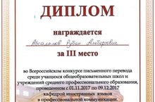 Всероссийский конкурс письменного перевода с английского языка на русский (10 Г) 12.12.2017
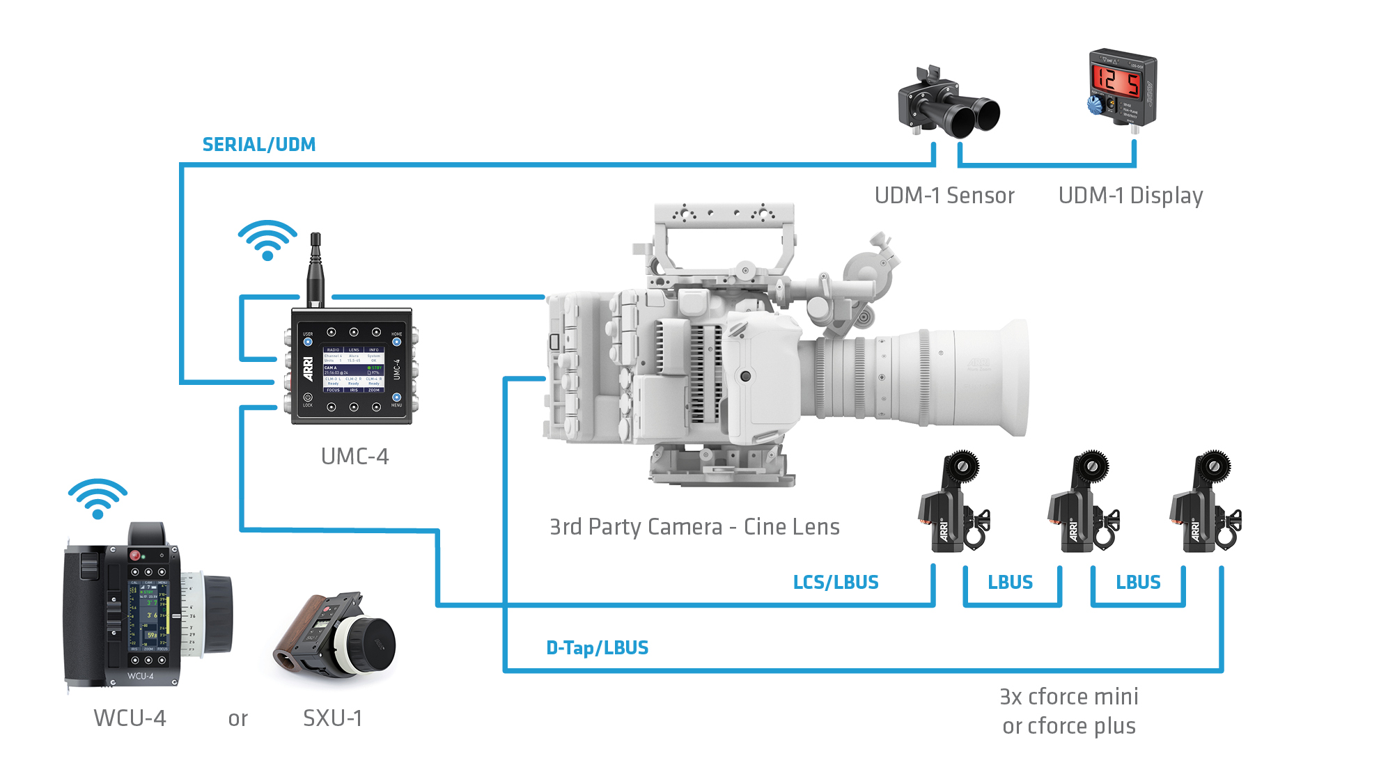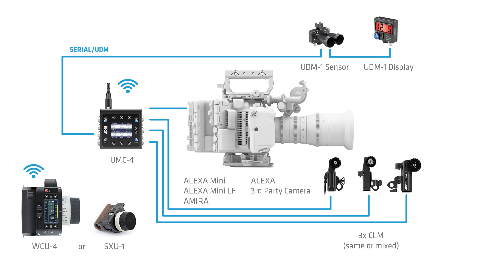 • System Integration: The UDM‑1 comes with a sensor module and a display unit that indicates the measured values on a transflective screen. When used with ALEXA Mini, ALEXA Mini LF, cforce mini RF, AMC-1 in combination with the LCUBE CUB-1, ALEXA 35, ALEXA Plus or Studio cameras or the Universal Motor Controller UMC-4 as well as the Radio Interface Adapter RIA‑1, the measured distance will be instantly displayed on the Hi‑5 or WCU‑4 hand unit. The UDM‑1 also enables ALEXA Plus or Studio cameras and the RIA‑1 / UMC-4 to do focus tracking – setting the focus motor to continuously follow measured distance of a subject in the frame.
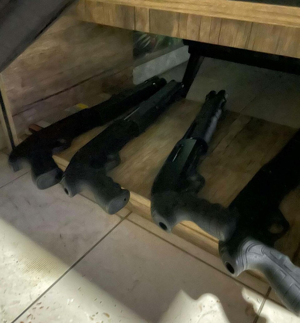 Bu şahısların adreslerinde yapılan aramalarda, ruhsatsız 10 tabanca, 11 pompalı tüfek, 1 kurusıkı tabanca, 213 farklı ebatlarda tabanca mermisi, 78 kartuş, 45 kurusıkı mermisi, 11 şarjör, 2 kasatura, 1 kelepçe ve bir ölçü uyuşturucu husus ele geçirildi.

### Task to carry out
Every line above is to be written out unchanged, with the pictures omitted.

### Answer for this exercise
 Всероссийский конкурс письменного перевода с английского языка на русский (10 Г) 12.12.2017
 • System Integration: The UDM‑1 comes with a sensor module and a display unit that indicates the measured values on a transflective screen. When used with ALEXA Mini, ALEXA Mini LF, cforce mini RF, AMC-1 in combination with the LCUBE CUB-1, ALEXA 35, ALEXA Plus or Studio cameras or the Universal Motor Controller UMC-4 as well as the Radio Interface Adapter RIA‑1, the measured distance will be instantly displayed on the Hi‑5 or WCU‑4 hand unit. The UDM‑1 also enables ALEXA Plus or Studio cameras and the RIA‑1 / UMC-4 to do focus tracking – setting the focus motor to continuously follow measured distance of a subject in the frame.
 Bu şahısların adreslerinde yapılan aramalarda, ruhsatsız 10 tabanca, 11 pompalı tüfek, 1 kurusıkı tabanca, 213 farklı ebatlarda tabanca mermisi, 78 kartuş, 45 kurusıkı mermisi, 11 şarjör, 2 kasatura, 1 kelepçe ve bir ölçü uyuşturucu husus ele geçirildi.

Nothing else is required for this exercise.